EXERCISE BRIEF: Since the pictures are not wanted, copy only the text of every record exactly.

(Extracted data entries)
*****

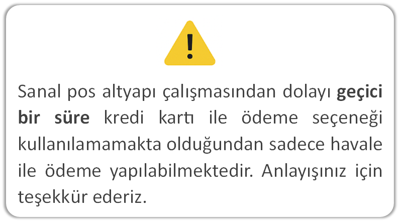 Sitemiz üzerinden kredi kartlarınız ile, online tek ödeme veya online taksit imkânlarından yararlanabilirsiniz. Online ödemelerinizde, siparişiniz sonunda kredi kartınızdan tutar çekim işlemi gerçekleşecektir.
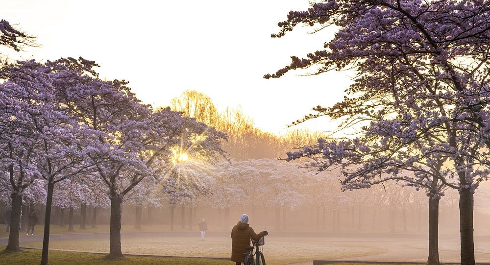 Ces photos ont été prises le 25 mars 2025. C'était un matin brumeux qui crée une atmosphère mystique. J'étais ici dès 6 heures du matin car c'est à ce moment-là que tout est calme. J'ai d'abord pris des photos de brouillard'puis j'ai attendu que le soleil se lève. C'est alors que l'on obtient des harpes solaires et des ombres longues. J'ai également pris des photos avec des gens, pour montrer comment ils vivent le parc des cerisiers en fleurs.
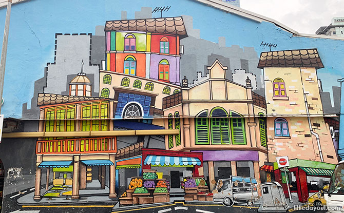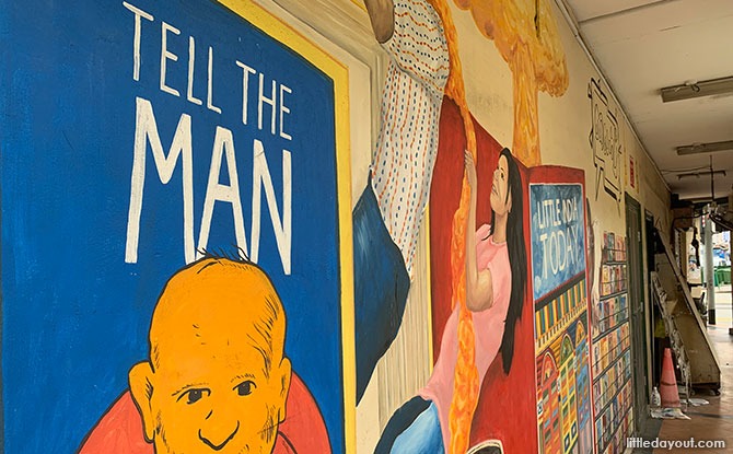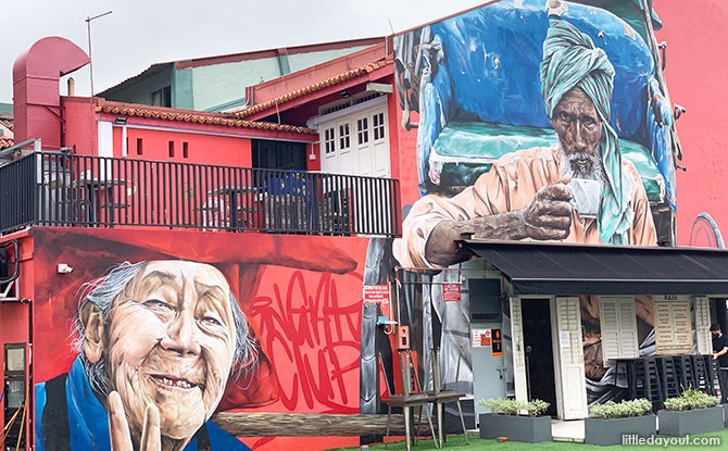 At the coffee shop found opposite from the Traditional Trades of Little India mural, there are scenes of India, including the Taj Mahal, painted along the walkway. You can admire the street art while having a drink there.
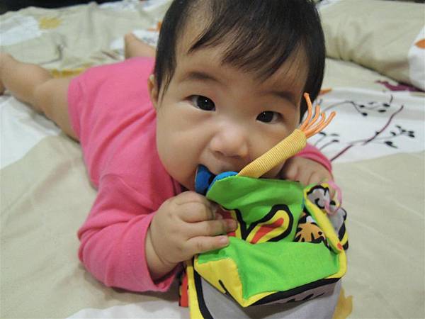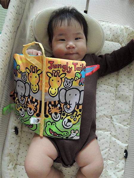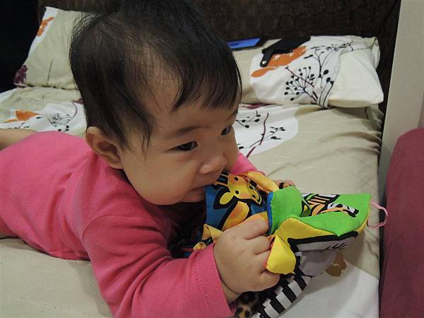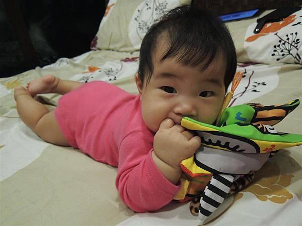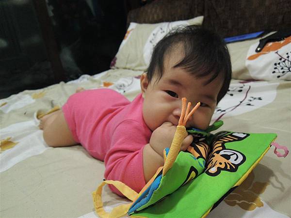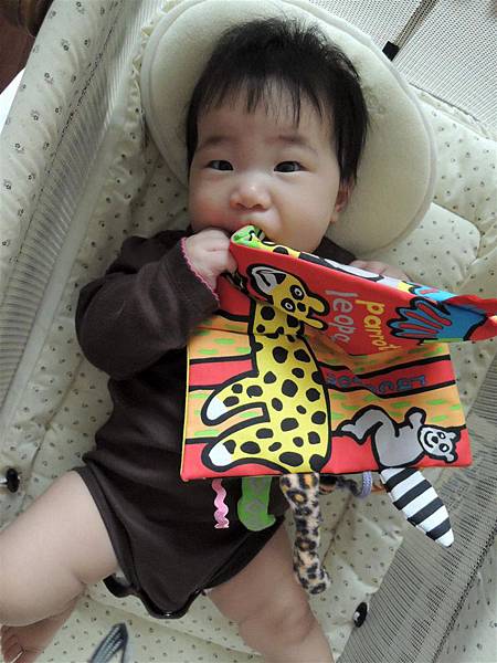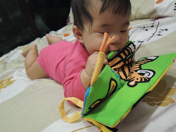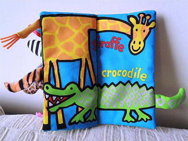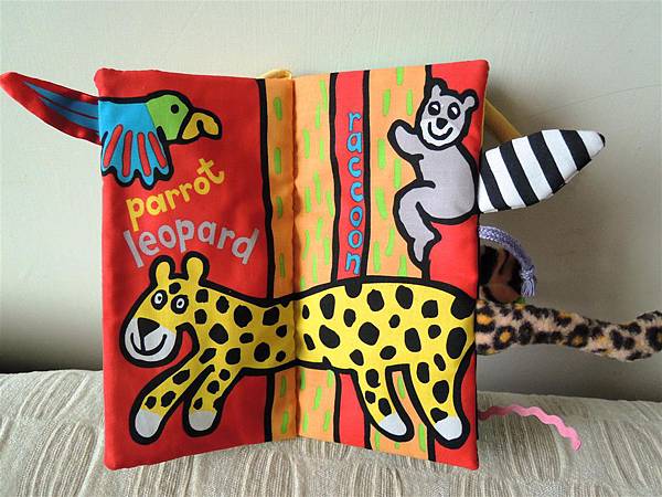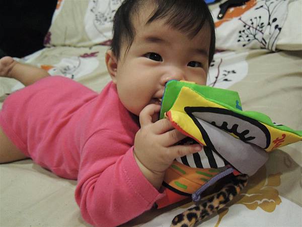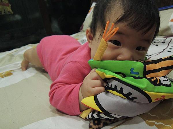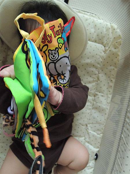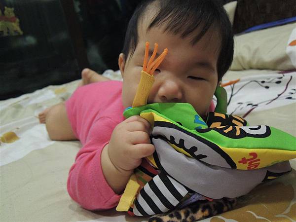 糖果妹四個月就長兩顆下門牙了,所以Jelly Cat的叢林動物尾巴布書剛好有許多長尾巴可以讓她磨牙~:p
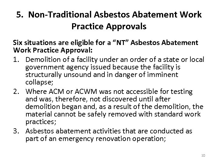 5. Non-Traditional Asbestos Abatement Work Practice Approvals Six situations are eligible for a “NT” Asbestos Abatement Work Practice Approval: 1. Demolition of a facility under an order of a state or local government agency issued because the facility is structurally unsound and in danger of imminent collapse; 2. Where ACM or ACWM was not accessible for testing and was, therefore, not discovered until after demolition began and, as a result of the demolition, the material cannot be safely removed with standard work practices; 3. Asbestos abatement activities that are conducted as part of an emergency renovation operation; 10
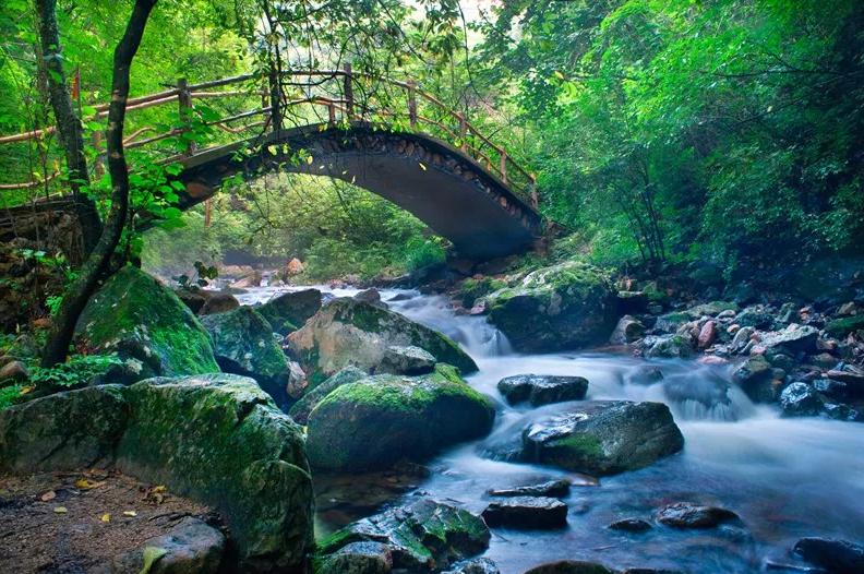 森林覆盖率为90%,植被完好,生态原始自然,是一个秀美的山水型自然风景区。在炎热的夏季谷内青峦叠翠,轻风习习。溪水峰回路转或急或缓,微小的落差造成数不清的大小瀑布,如珠链、如绸缎,清澈的流淌在谷内长满青苔的圆石、枯木之间。
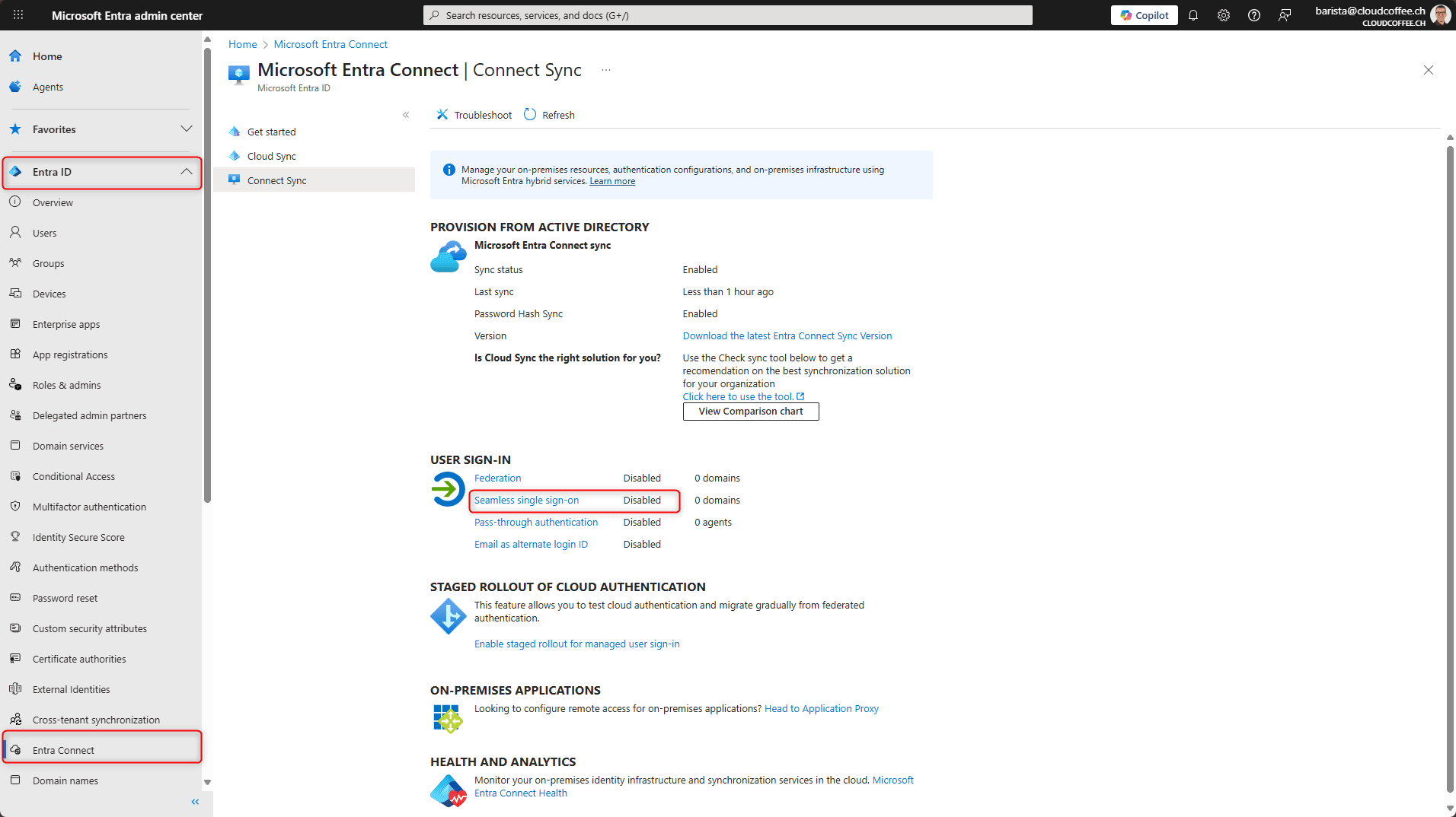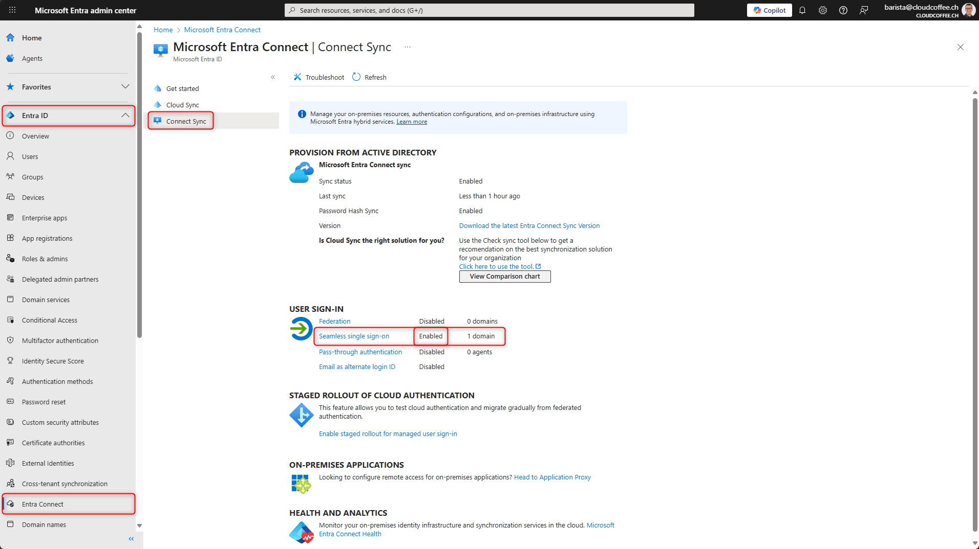 Microsoft Entra Connect ist mit der Funktion nahtloses Single Sign-On (Seamless SSO) konfiguriert.
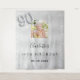 A welcome tapestry for a glamourous 90th birthday party. A faux silver metallic looking background decorated with faux glitter dust. Personalise and add a high quality photo, name and date. Number 90 is written with a balloon style font.
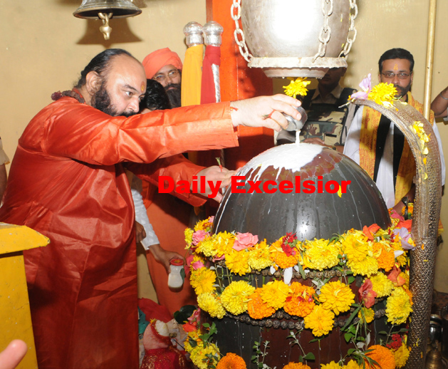 Head priest Mahant Deependra Giri, performing special pooja of “ Chhari-Mubark”, the silver mace of Lord Shiva at the historic Shankaracharya temple , on the occasion of “ Shravan Amasvasya in Srinagar on Friday….Excelsior/Mohd Amin War
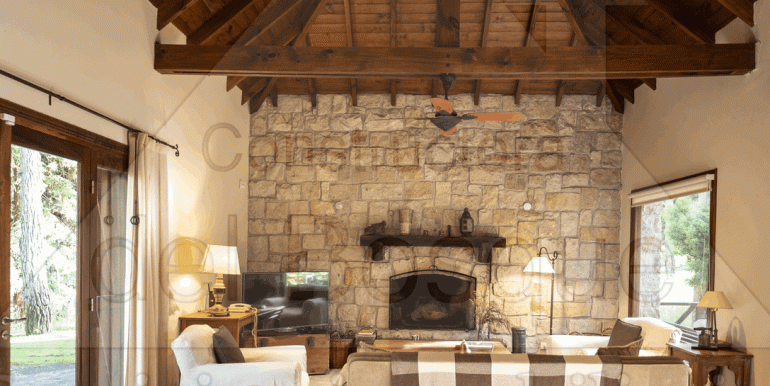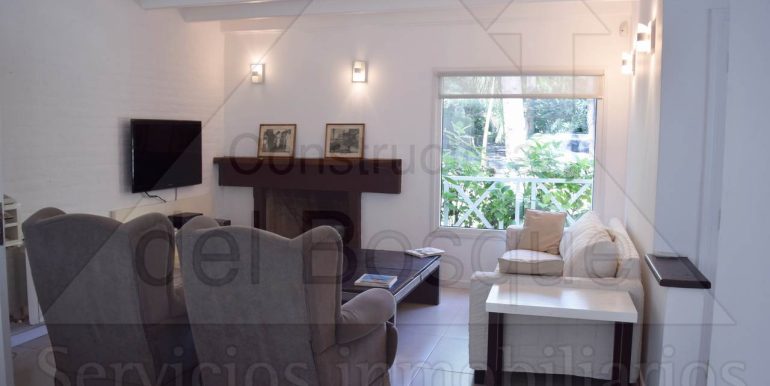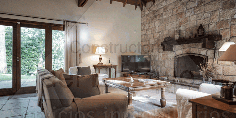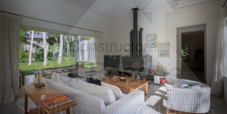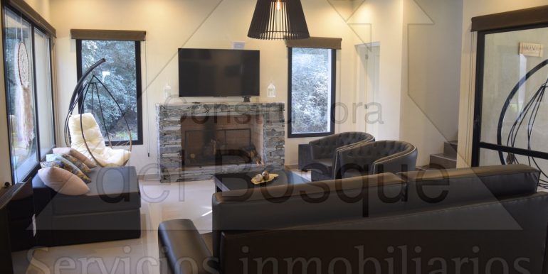 Living con grandes ventanales y vistas hermosas al bosque, cuenta con hogar…
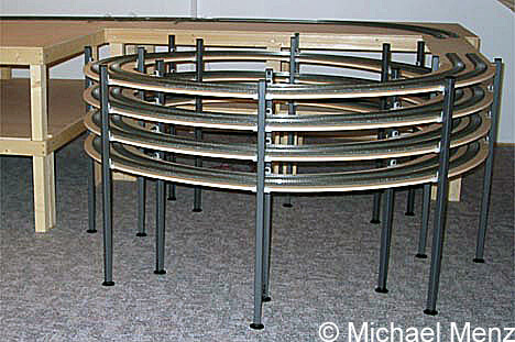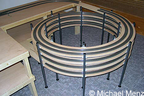 Die beiden so entstandenen Ebenen der Modellbahn wurden dann über einen Gleiswendel miteinander verbunden.
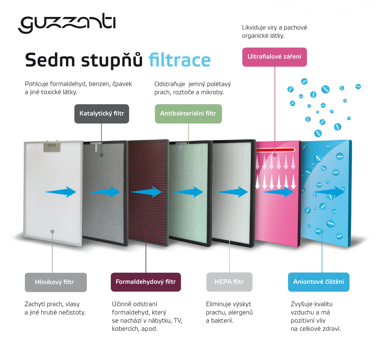 Katalytický filtr – pohlcuje formaldehyd, benzen, čpavek, TVOC, sirovodík a další nebezpečné plyny uvolňující se z nábytku, tapet, koberců či záclon.

*****

EXPECTED OUTPUT:
 Sitemiz üzerinden kredi kartlarınız ile, online tek ödeme veya online taksit imkânlarından yararlanabilirsiniz. Online ödemelerinizde, siparişiniz sonunda kredi kartınızdan tutar çekim işlemi gerçekleşecektir.
 Ces photos ont été prises le 25 mars 2025. C'était un matin brumeux qui crée une atmosphère mystique. J'étais ici dès 6 heures du matin car c'est à ce moment-là que tout est calme. J'ai d'abord pris des photos de brouillard'puis j'ai attendu que le soleil se lève. C'est alors que l'on obtient des harpes solaires et des ombres longues. J'ai également pris des photos avec des gens, pour montrer comment ils vivent le parc des cerisiers en fleurs.
 At the coffee shop found opposite from the Traditional Trades of Little India mural, there are scenes of India, including the Taj Mahal, painted along the walkway. You can admire the street art while having a drink there.
 糖果妹四個月就長兩顆下門牙了,所以Jelly Cat的叢林動物尾巴布書剛好有許多長尾巴可以讓她磨牙~:p
 5. Non-Traditional Asbestos Abatement Work Practice Approvals Six situations are eligible for a “NT” Asbestos Abatement Work Practice Approval: 1. Demolition of a facility under an order of a state or local government agency issued because the facility is structurally unsound and in danger of imminent collapse; 2. Where ACM or ACWM was not accessible for testing and was, therefore, not discovered until after demolition began and, as a result of the demolition, the material cannot be safely removed with standard work practices; 3. Asbestos abatement activities that are conducted as part of an emergency renovation operation; 10
 森林覆盖率为90%,植被完好,生态原始自然,是一个秀美的山水型自然风景区。在炎热的夏季谷内青峦叠翠,轻风习习。溪水峰回路转或急或缓,微小的落差造成数不清的大小瀑布,如珠链、如绸缎,清澈的流淌在谷内长满青苔的圆石、枯木之间。
 Microsoft Entra Connect ist mit der Funktion nahtloses Single Sign-On (Seamless SSO) konfiguriert.
 A welcome tapestry for a glamourous 90th birthday party. A faux silver metallic looking background decorated with faux glitter dust. Personalise and add a high quality photo, name and date. Number 90 is written with a balloon style font.
 Head priest Mahant Deependra Giri, performing special pooja of “ Chhari-Mubark”, the silver mace of Lord Shiva at the historic Shankaracharya temple , on the occasion of “ Shravan Amasvasya in Srinagar on Friday….Excelsior/Mohd Amin War
 Living con grandes ventanales y vistas hermosas al bosque, cuenta con hogar…
 Die beiden so entstandenen Ebenen der Modellbahn wurden dann über einen Gleiswendel miteinander verbunden.
 Katalytický filtr – pohlcuje formaldehyd, benzen, čpavek, TVOC, sirovodík a další nebezpečné plyny uvolňující se z nábytku, tapet, koberců či záclon.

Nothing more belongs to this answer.